Потом выяснилось, что не все и не будет, потому что совсем другое социальное устройство населения. И мои успехи на выборах связаны, в первую очередь, с тем, что я как технарь, понимаю, как устроено наше общество. Гуманитарии этого не видят, а механизмы и устройство очень важны. И поэтому я и пришел к Монархической партии. Я все время был на бегу, текучка заедала. Не было времени сесть, разобраться. До 2007 года, когда я был в СПС, я плясал одни и те же танцы и пел одни и те же песни. Как начал с ПРЕСа в 1994 году, так и пел, пока не проиграл выборы в 2007 году, когда СПС разгромили. Сказать, что была какая-то идейная эволюция, я не могу.

А потом выдалось очень много лет, когда я мог много думать и мало работать, 10 лет уже прошло, как я «пенсионер». И после длительных раздумий, спустя пять лет, в 2012 году появилась Монархическая партия. И сейчас я занимаюсь этим, продумываю, создаю, пишу концепцию современного монархизма, которую считаю важной не только для монархизма, но и для сегодняшнего мира. Придумываю альтернативу тому, что мы обычно принимаем за эталон.

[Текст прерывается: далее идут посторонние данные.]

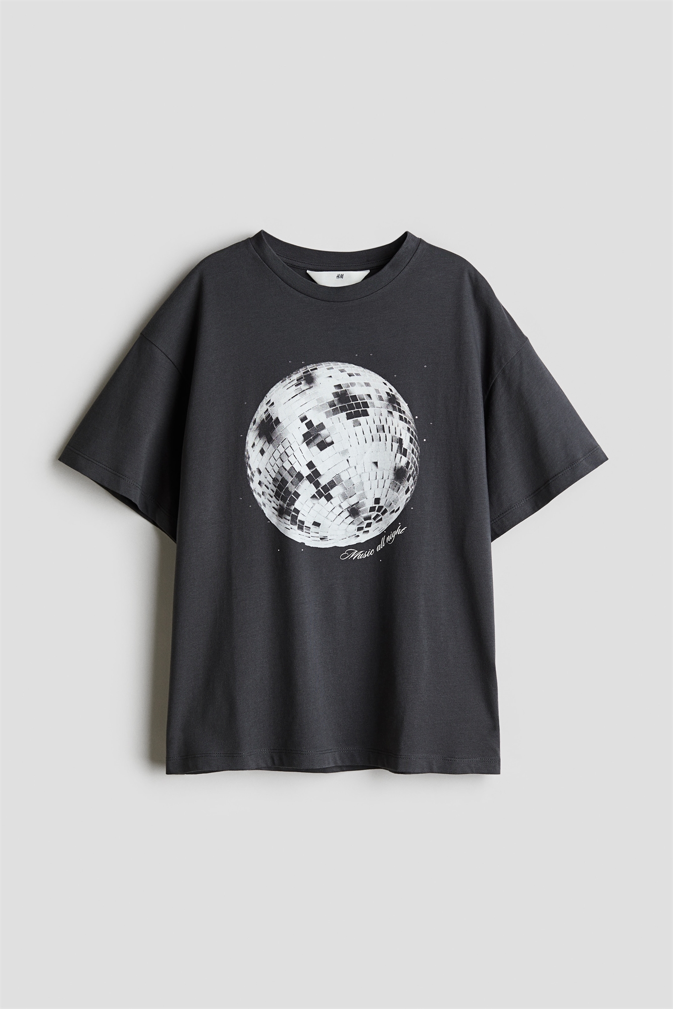 Футболка оверсайз из хлопкового джерси с принтом спереди. Круглый вырез с ребристой отделкой, спущенные плечи и прямой подол.
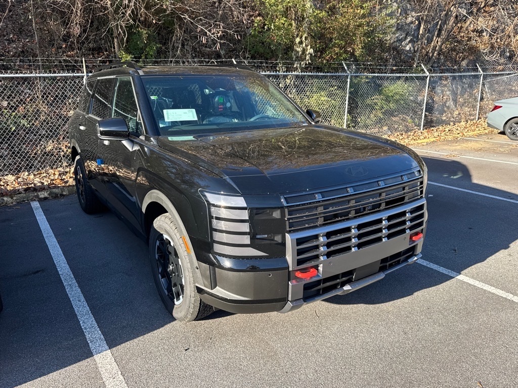 INFORMATION ABOUT THIS VEHICLE AND IT FEATURES:. Option Group 01, 14 Speakers, 3rd row seats: split-bench, 4-Wheel Disc Brakes, ABS brakes, Air Conditioning, Alloy wheels, AM/FM radio: SiriusXM, Apple CarPlay & Android Auto, Auto High-beam Headlights, Auto-dimming door mirrors, Auto-dimming Rear-View mirror, Auto-leveling suspension, Automatic temperature control, Brake assist, Cargo Cover, Cargo Net, Cargo Tray, Carpeted Floor Mats, Compass, Delay-off headlights, Driver door bin, Driver vanity mirror, Dual front impact airbags, Dual front side impact airbags, Electronic Stability Control, Emergency communication system: None, Exterior Parking Camera Rear, Four wheel independent suspension, Front anti-roll bar, Front Bucket Seats, Front Center Armrest, Front dual zone A/C, Front reading lights, Fully automatic headlights, H-Tex Leatherette Seat Trim, Heated and Ventilated Front Bucket Seats, Heated door mirrors, Heated front seats, Heated steering wheel, Illuminated entry, Knee airbag, Leather steering wheel, Low tire pressure warning, Navigation System, Occupant sensing airbag, Outside temperature display, Overhead airbag, Overhead console, Panic alarm, Passenger door bin, Passenger vanity mirror, Power door mirrors, Power driver seat, Power Liftgate, Power moonroof, Power passenger seat, Power steering, Power windows, Radio data system, Radio: Infotainment Navigation System, Rear air conditioning, Rear anti-roll bar, Rear audio controls, Rear reading lights, Rear side impact airbag, Rear window defroster, Rear window wiper, Reclining 3rd row seat, Remote keyless entry, Security system, Speed control, Split folding rear seat, Spoiler, Steering wheel mounted audio controls, Tachometer, Telescoping steering wheel, Tilt steering wheel, Traction control, Trip computer, Variably intermittent wipers, Ventilated front seats, Voltmeter, and Wheels: 18x 7.5J Dark Alloy. Abyss Black Pearl 2026 Hyundai Palisade XRT Pro AWD 8-Speed Automatic V6

– О Монархической партии поговорим чуть позже, а пока такой вопрос: чем для Вас, как для политтехнолога, был выход на федеральный уровень, и насколько Вы были близки с лидерами СПС – Чубайсом, Немцовым?

– Сначала я познакомился с Чубайсом. Я дружил с одним человеком в правительстве, у него была жена, которая работала в секретариате Чубайса. В какой-то момент, меня буквально за руку привели к Чубайсу. Я этого совершенно не ожидал, не собирался этим заниматься, а у Чубайса была обида. Я вообще был специалистом по «обиженным». Сначала Чернецкий мне помог на выборах в 2003 году, которого Россель обидел, а потом в 2004 году Чубайс, который тоже обиделся, что он летал на самолете с Хакамадой и Немцовым, а их в Госдуму не избрали.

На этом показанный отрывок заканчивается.